No quiere nada con los narco. No son de ella ni de su mundo. Acaso de su pasado. Se quedó con el recuerdo de sus tres hermanos muertos a tiros, uno de ellos al parecer, por órdenes de su esposa que, ambiciosa, quiso quedarse con el dinero que igual él no le negaba.
Su tío Octavio Páez fue asesinado por un sobrino a balazos, por traiciones, deudas, drogas, agandalles y mentiras. “Y algunas de sus hijas salieron corriendo, gritando ‘no quiero ser rica, no quiero dinero, quiero ser pobre’, cuando hubo operativos de la policía y el ejército para detener a su padre, en Caborca.”
Su tío Rafael Caro está en la cárcel (ahora libre), en el penal de Máxima Seguridad de La Palma, en el Estado de México. Lamberto Quintero está muerto. Y otros más están detenidos, ultimados a balazos o huyendo.
Carolina mantiene sus sesiones de terapia. Por eso no llora, aunque parezca que se ahoga. Sostiene la mirada y recupera la voz. “De todo aprende uno. Fue una etapa muy dura eso de vivir con una persona alcohólica, un golpeador. Es un calvario. Es denigrante, debutante.
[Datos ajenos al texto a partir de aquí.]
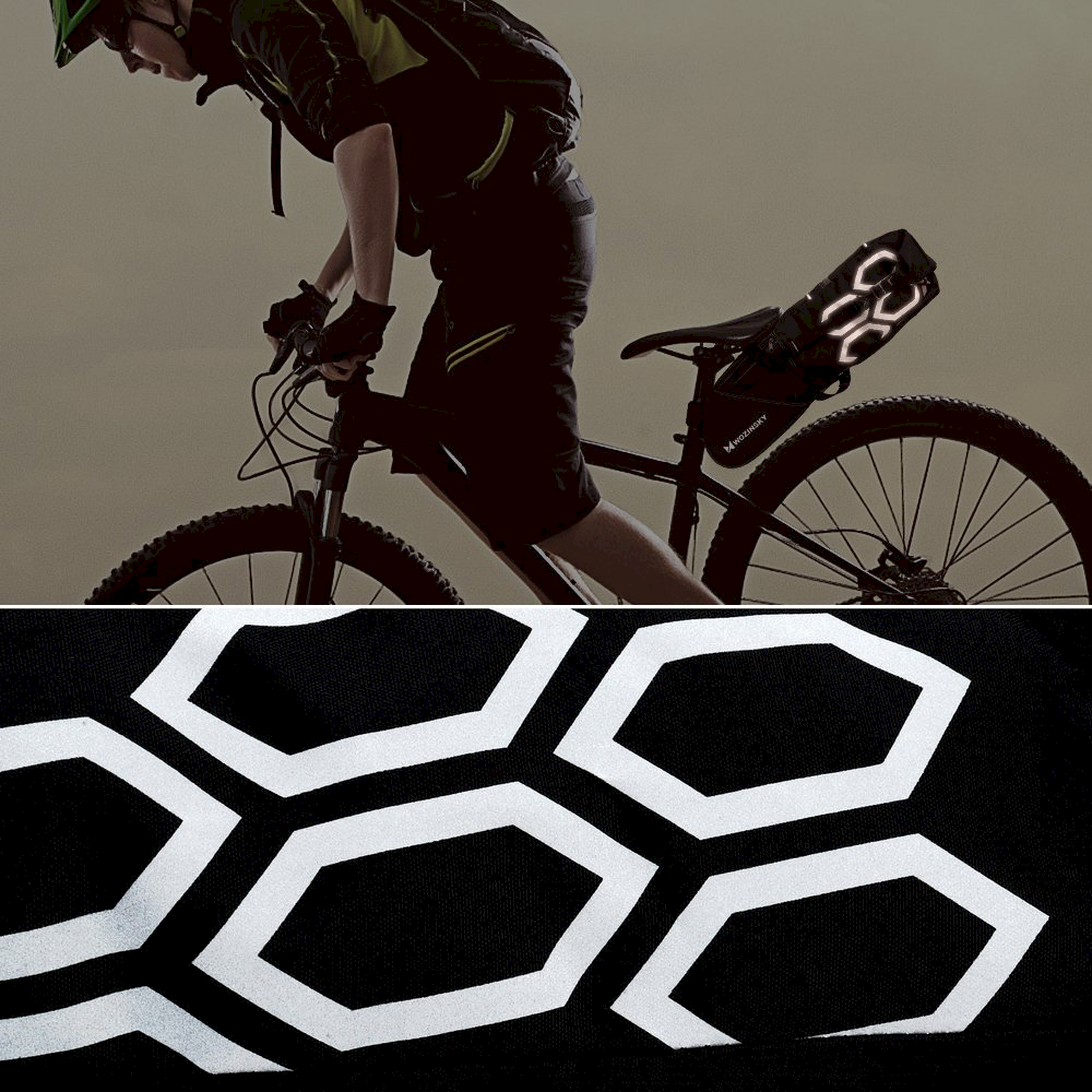 Material with high frequency welding technology, plus crimp sealing design, so that the bag has full waterproof performance. The tail anti-cursor increases the safety of cycling at night. The large-capacity tail package design replaces the traditional fender.

“Estaba acostumbrada a vivir bien, a cambio de esos golpes. Tanto chingadazo me pudo haber matado.”
Y recuerda con una sonrisa medias los 10 mil dólares que se gastaba en compras, en Estados Unidos: ropa, zapatos, joyas, perfumes.
“Pero paga uno muy caro lo bien vivido.” Pagó un precio alto. Y lo sigue pagando. Sus restos asoman en esa nostalgia adolorida. Parecen los restos de ella, lo que queda, lo que se percibe y proyecta. Pero ella se sabe una heroína. Y quien conoce su historia así la ubica. Un héroe nacional en la patria de su casa, de sí misma, su hogar, sus hijos. Porque, asegura, volvió de un calvario. Traspasó el fuego. O, más bien, resucitó.